Actually, let’s start with the finished table, and then I’ll show you how it’s made. Try it out below, for example, find all functions that take a pattern argument or find all ggplot2 functions with line in the name!

Show entries

Search:

Package	Function	Arguments	Description

ggplot2	%+%	(e1, e2)	Add components to a plot '+' is the key to constructing sophisticated ggplot2 graphics. It allows you to start simple, then get more and more complex, checking your work at each step.	⊕
ggplot2	%+replace%	(e1, e2)	Get, set, and modify the active theme The current/active theme (see 'theme()') is automatically applied to every plot you draw. Use 'theme_get' to get the current theme, and 'theme_set' to completely override it. 'theme_update' and 'theme_replace' are shorthands for changing individual…	⊕
ggplot2	aes	(x, y, ...)	Construct aesthetic mappings Aesthetic mappings describe how variables in the data are mapped to visual properties (aesthetics) of geoms. Aesthetic mappings can be set in 'ggplot()' and in individual layers.	⊕
ggplot2	aes_	(x, y, ...)	Define aesthetic mappings programmatically Aesthetic mappings describe how variables in the data are mapped to visual properties (aesthetics) of geoms. 'aes()' uses non-standard evaluation to capture the variable names. 'aes_' and 'aes_string' require you to explicitly quote the inputs…	⊕
ggplot2	aes_q	(x, y, ...)	Define aesthetic mappings programmatically Aesthetic mappings describe how variables in the data are mapped to visual properties (aesthetics) of geoms. 'aes()' uses non-standard evaluation to capture the variable names. 'aes_' and 'aes_string' require you to explicitly quote the inputs…	⊕

Showing 1 to 5 of 782 entries

Previous1 2 3 4 5…157Next

Making the table above is a two-step affair, where both steps are somewhat tricky:

Take the documentation for all the tidyverse packages and put it into a tidy data frame. This is going to be tricky because parsing untidy data into a data frame is often messy and we will have to use undocumented functions from the tools package to parse the R documentation (Rd) files.
Format the documentation data frame and make it into a pretty DT table. This is going to be tricky because to format and customize the table using DT we will have to write both some HTML and some javascript (!).

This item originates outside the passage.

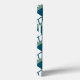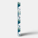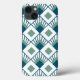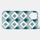 Ce boîtier téléphonique a un design art déco de diamants turquoises avec des lignes diagonales et des diamants verts de mer sur un champ de blanc.
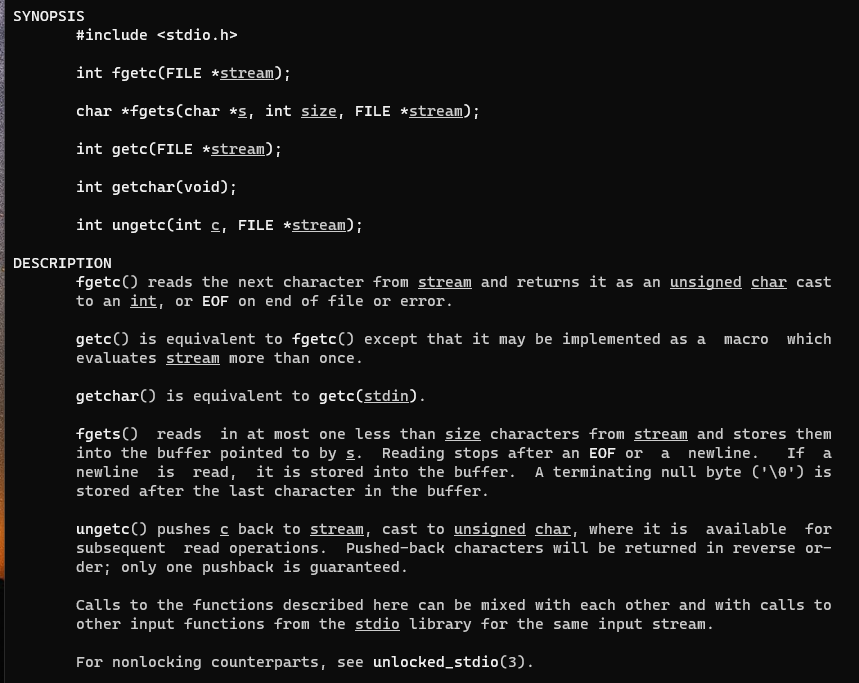 getchar() 함수의 경우는 입력대기상태로 있다가 키보드로 부터 입력을 받으면 1문자가 c에 저장되고

Putting the tidyverse documentation into a data frame

Let’s load the packages we’re going to need: DT to make the final table, glue to easily “glue” complex strings together, and, of course, tidyverse which we’ll use for processing data, but that’s also where the documentation lives that we’re going to extract!

library(DT)
library(glue)
library(tidyverse)

The tidyverse contains many different packages, but here we’re going to use only the core tidyverse packages.

package_names <- tidyverse:::core
package_names

## [1] "ggplot2" "tibble"  "tidyr"   "readr"   "purrr"   "dplyr"   "stringr"
## [8] "forcats"

We’re being a bit reckless here because we’re using ::: a.k.a. the triple colon operator. A close cousin to the double colon operator (::), the :::-operator also plucks out a function or value from within a package, but ::: is the cousin dangereux! While :: allows you to pluck out exported functions, functions the package author has marked as being dependable and useful, ::: allows you to pluck out any obscure, undocumented, and possibly unreliable function. In general, it’s not good practice to use :::, but in practice it’s generally OK when getting from A to B is more important than reliability down the line. We will find a use for ::: again.

By loading the tidyverse we’ve also loaded all core packages and we can now extract the function names and arguments from these. We’ll use

lsf.str("package:A_PACKAGE_NAME") to extract a list of all function names in the given package.
str(get("A_FUNCTION_NAME")) to get the arguments for each function. As str() doesn’t return anything (it directly prints the arguments) we need to capture.output to get it back as a string.
map_dfr to loop over all the core packages in package_names, create a data frame for each, and row bind them together.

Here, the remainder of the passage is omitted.